Problem statement:
A faithful copy is required. Print each line of the data exactly and omit the pictures.

Data below:

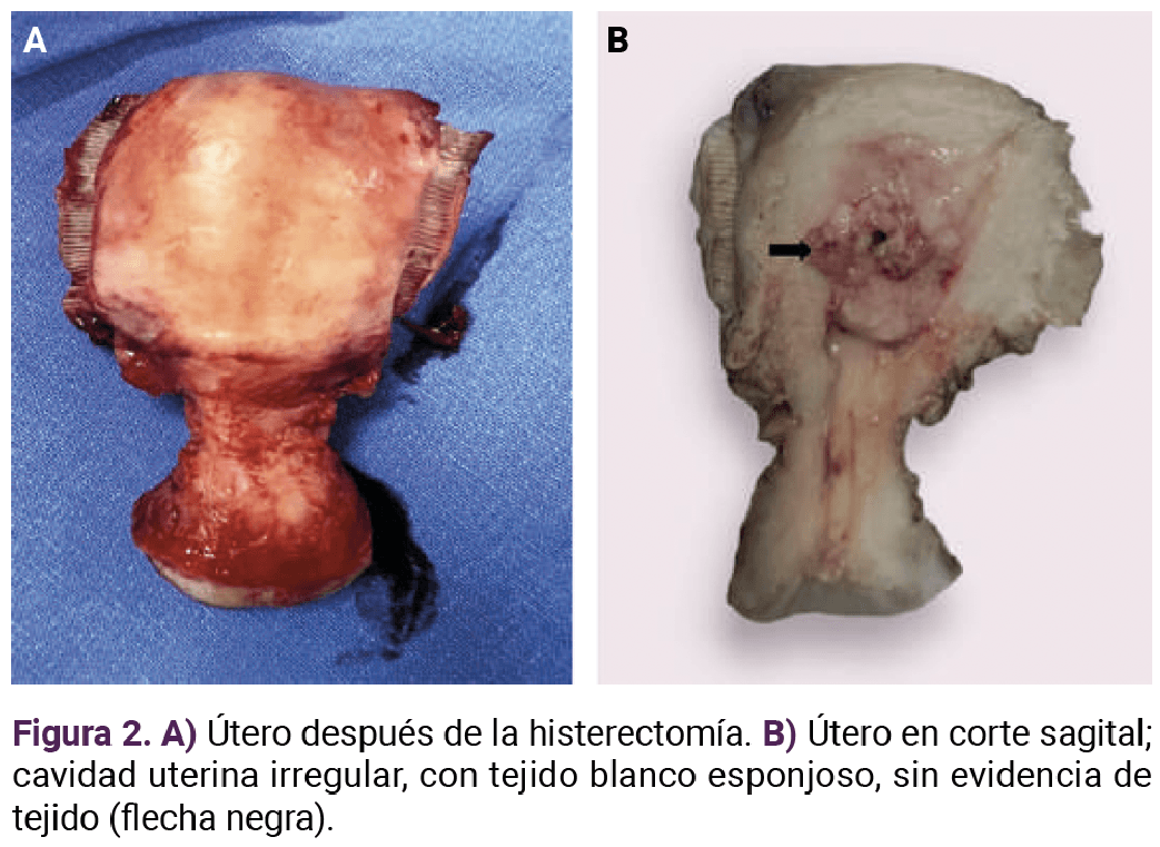 El estudio histopatológico confirmó el diagnóstico de embarazo ectópico intersticial roto. Figura 1
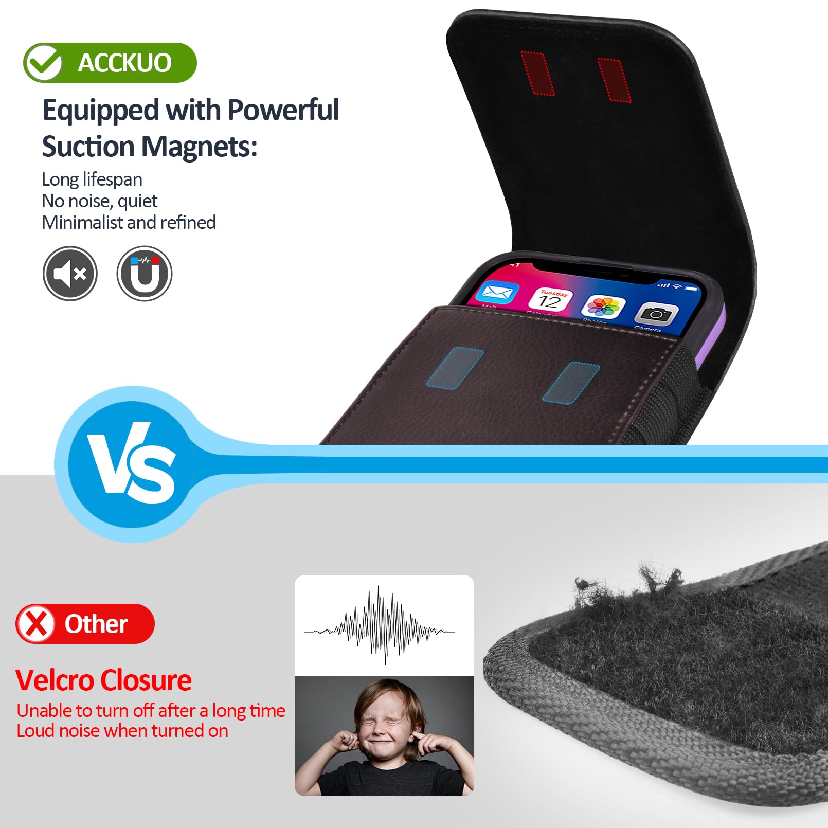 Comprehensive Security Protection: The strong magnetic design effectively secures the phone to prevent drops while allowing easy access. The lining protects the phone screen from scratches, making it suitable for formal occasions with silent operation
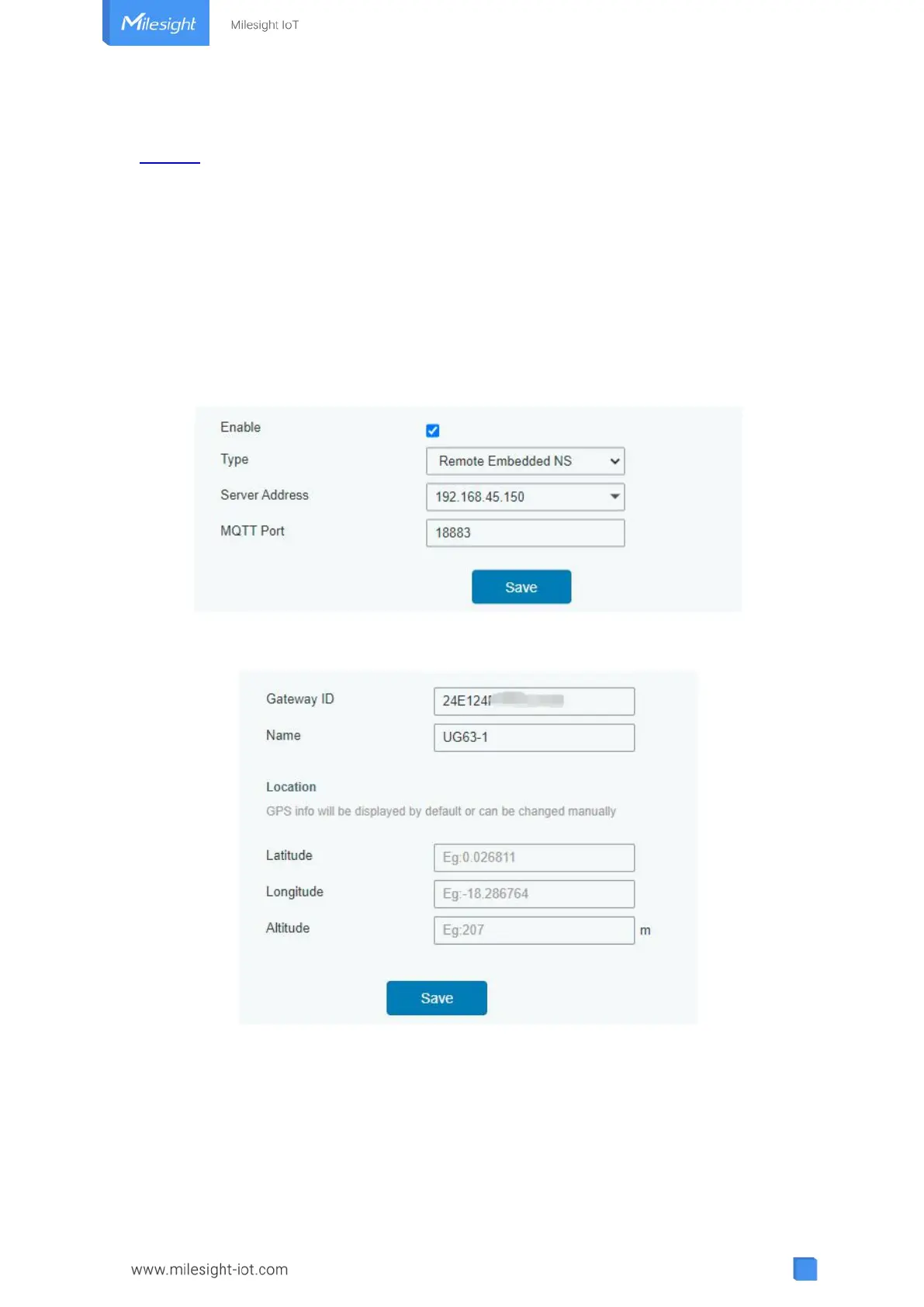 1. Go to “Packet Forwarder” → “General” page to enable the “Remote Embedded NS” and

Exercise output:
 El estudio histopatológico confirmó el diagnóstico de embarazo ectópico intersticial roto. Figura 1
 Comprehensive Security Protection: The strong magnetic design effectively secures the phone to prevent drops while allowing easy access. The lining protects the phone screen from scratches, making it suitable for formal occasions with silent operation
 1. Go to “Packet Forwarder” → “General” page to enable the “Remote Embedded NS” and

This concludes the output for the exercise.